There is a staggering amount of evidence on food security and nutrition in low- and middle-income countries. 

Often, food security and nutrition evidence is misaligned with stakeholder priorities, difficult to comprehend, or not user-friendly

A solution

Evidence brokers are intermediaries or translators between decision-makers and researchers. 

They produce or synthesize existing evidence aligned with stakeholder priorities in a comprehensible and user-friendly manner.


I believe in using the most rigorous possible methods to answer decision-relevant questions through a collaborative approach to research.


Consulting services to help clients achieve this vision, including:

 portfolio reviews, strategy analysis, impact evaluations, evidence synthesis and translation, theory of change and logical frameworks, and data analysis.

Most rigorous: The most rigorous approach is the one that provides the answer with the least amount of uncertainty and most precision.
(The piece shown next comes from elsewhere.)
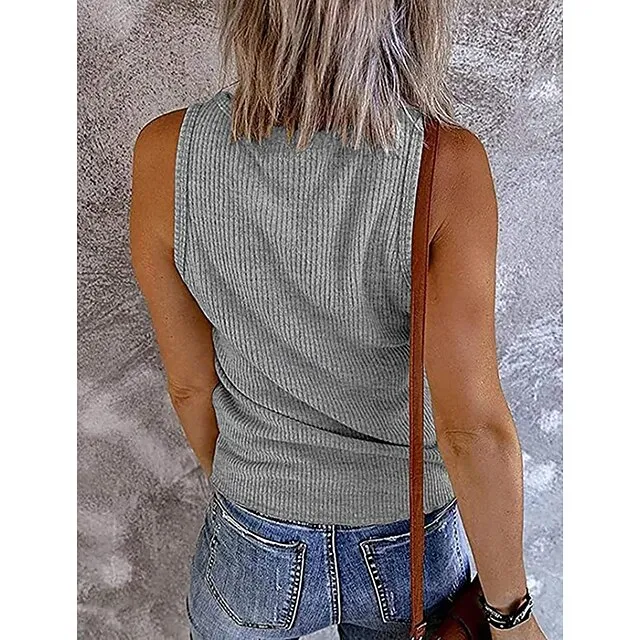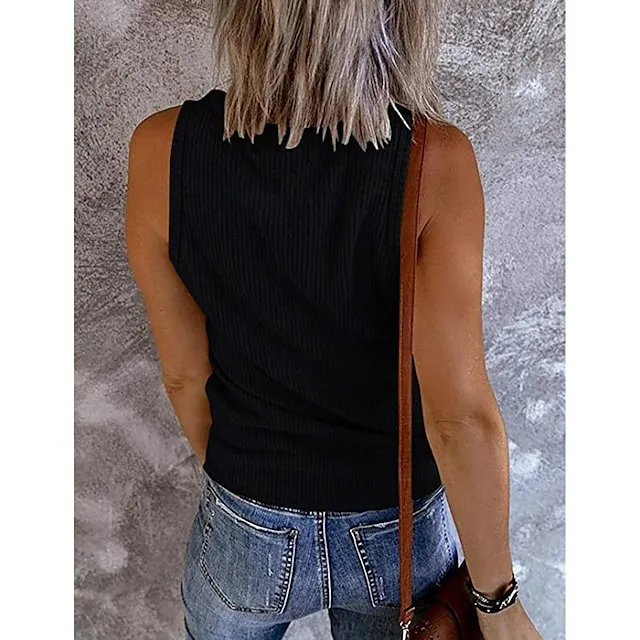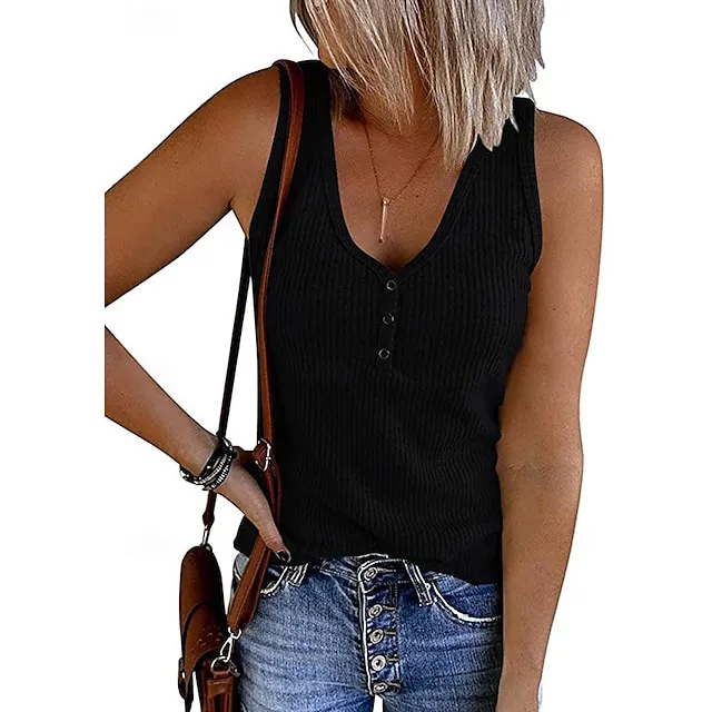 Tank Women’s Black Wine Navy Blue Solid Color Button Street Daily Fashion V Neck S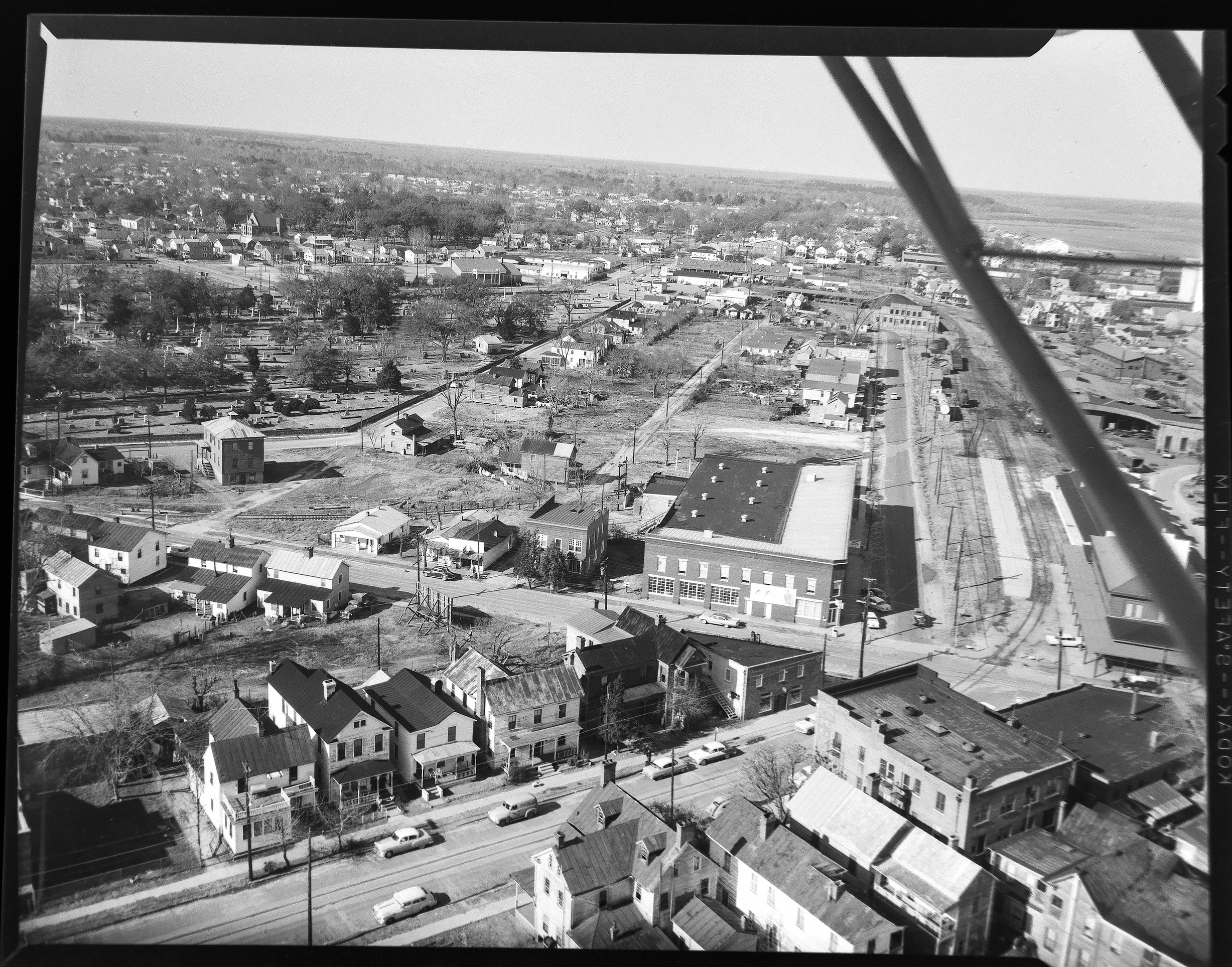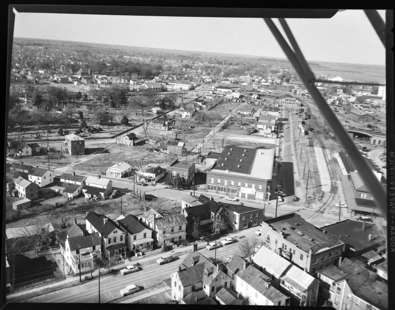 Historical aerial photograph showcasing the urban layout and architecture of New Bern, North Carolina, captured from an airborne perspective.

Often, it requires advanced research techniques, which need to be translated into clear findings and conclusions. 

Possible: The most rigorous approach is not the best approach if it is not feasible. Some information, even imperfect, is better than none. I believe in practicality with an appreciation of limitations. I function within the real-world data constraints of my clients, and make sure to clearly communicate what can and cannot be concluded from each piece of research. 

Decision-relevant questions: In this context, these are evidence-oriented questions clients need answered to make programming decisions. Not all questions need to be answered, so I work with clients to identify the information they need.

Collaborative approach: Determining the most rigorous possible approach to answering decision-relevant questions requires collaboration. An external person can identify information needed to answer a question, but they cannot know the right question or practical limitations without input.

Outreach and communication

Research dissemination does not need to be limited to research and policy circles. We are all part of a global community, either through our heritage, our travels, or simply the food we eat. Learning about nutrition challenges and solutions can inform healthier dietary choices, foster empathy, build support for policies and initiatives that address global nutrition challenges, and inspire action towards a more equitable and healthier world by the general public. For researchers, engaging with the public can enhance the relevance and impact of research work, opening new avenues for collaboration, funding, and the application of research findings in real-world settings. FSE's explainer videos and the webinars we participate in are tools for effectively communicating research, and why it matters, to stakeholders outside the traditional research ecosystem.